KOMPAS.com - April adalah bulannya Kartini. RA Kartini yang lahir di Jepara, 21 April 1879, merupakan tokoh Jawa yang dinobatkan sebagai pahlawan nasional berkat jasa-jasa pemikirannya yang mengentaskan kaum wanita dari batasan-batasan sempit ala kolonial.
Anak kelima dari 11 bersaudara ini mengasah pola pikirnya di berbagai tempat, tak mengenal sekat. Pertama, ia belajar bahasa Belanda di Europese Lagere School hingga berusia 12 tahun.
Selepas itu, ketika ia harus masuk pingitan, Kartini mencari celah pengetahuan dari berbagai lembar karya sastra.
Dua di antaranya, yang ia baca berkali-kali dan mungkin yang paling menginspirasi, adalah Max Havelaar dan Surat-Surat Cinta karya Multatuli.
Dari kegemaran membaca dan menimba ilmu dari karya sastra inilah, Kartini akhirnya punya gagasan megah, yaitu mencerdaskan dan memajukan wanita-wanita pribumi.
Baca juga: Biografi RA Kartini, Pejuang Emansipasi Perempuan
Multatuli adalah nama pena dari laki-laki kelahiran Amsterdam tahun 1820, Eduard Douwes Dekker.
Multatuli sendiri diambil dari bahasa latin yang artinya adalah, "Aku sudah banyak menderita."
Sedari muda, Multatuli menjadi pegawai pemerintah Hindia Belanda. Tak seperti bangsa kulit putih lainnya, Multatuli tumbuh dengan nurani yang berbeda.
Ia kerap tak tega melihat kaum jajahan yaitu rakyat Indonesia yang hidupnya terus-menerus terampas.
Multatuli pun terus menentang bangsanya sendiri. Ia berjuang membela hak-hak rakyat kecil selama 20 tahun lamanya.

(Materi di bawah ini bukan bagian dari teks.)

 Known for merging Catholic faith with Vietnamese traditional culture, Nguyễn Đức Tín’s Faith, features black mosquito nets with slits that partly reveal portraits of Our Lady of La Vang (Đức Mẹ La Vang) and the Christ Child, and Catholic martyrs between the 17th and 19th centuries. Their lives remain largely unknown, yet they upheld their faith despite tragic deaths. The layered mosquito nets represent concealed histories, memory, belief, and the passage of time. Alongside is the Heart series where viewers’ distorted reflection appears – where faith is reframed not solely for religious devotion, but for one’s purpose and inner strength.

Hingga akhirnya ia memutuskan pergi dari Indonesia dan menetap di Brussel, Belgia, dan meninggalkan anak istrinya tetap di Batavia.

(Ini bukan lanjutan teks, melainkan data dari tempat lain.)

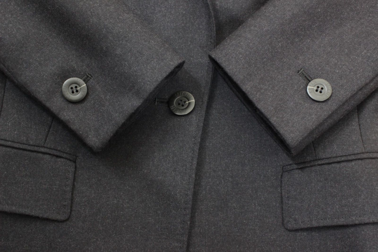 ジャケットは,1つボタン・総裏仕立て・センターベント・袖ボタン本開き。両腰ポケットには仕付け糸がついたままの状態です。

Baca juga: Meratapi Rumah Multatuli
Merunut Historia.id, Multatuli sempat bekerja sebagai redaktur sebuah surat kabar di Media.
Namun tak lama ia pun hengkang dan mengadu nasib menjadi juru bahasa di konsulat Perancis di Nagasaki. Dimana karir yang ini, juga tak menemukan jalan lain selain kemiskinan.
Dalam himpitan kemiskinan dan pernikahan yang di ambang perceraian, Multatuli menepi di sebuah penginapan sederhana bernama In de kleine prins di ruas De la fourche nomor 52.
Di losmen inilah, Multatuli justru bisa menemukan jalan keluar dari pemikiran-pemikiran anti kolonialnya.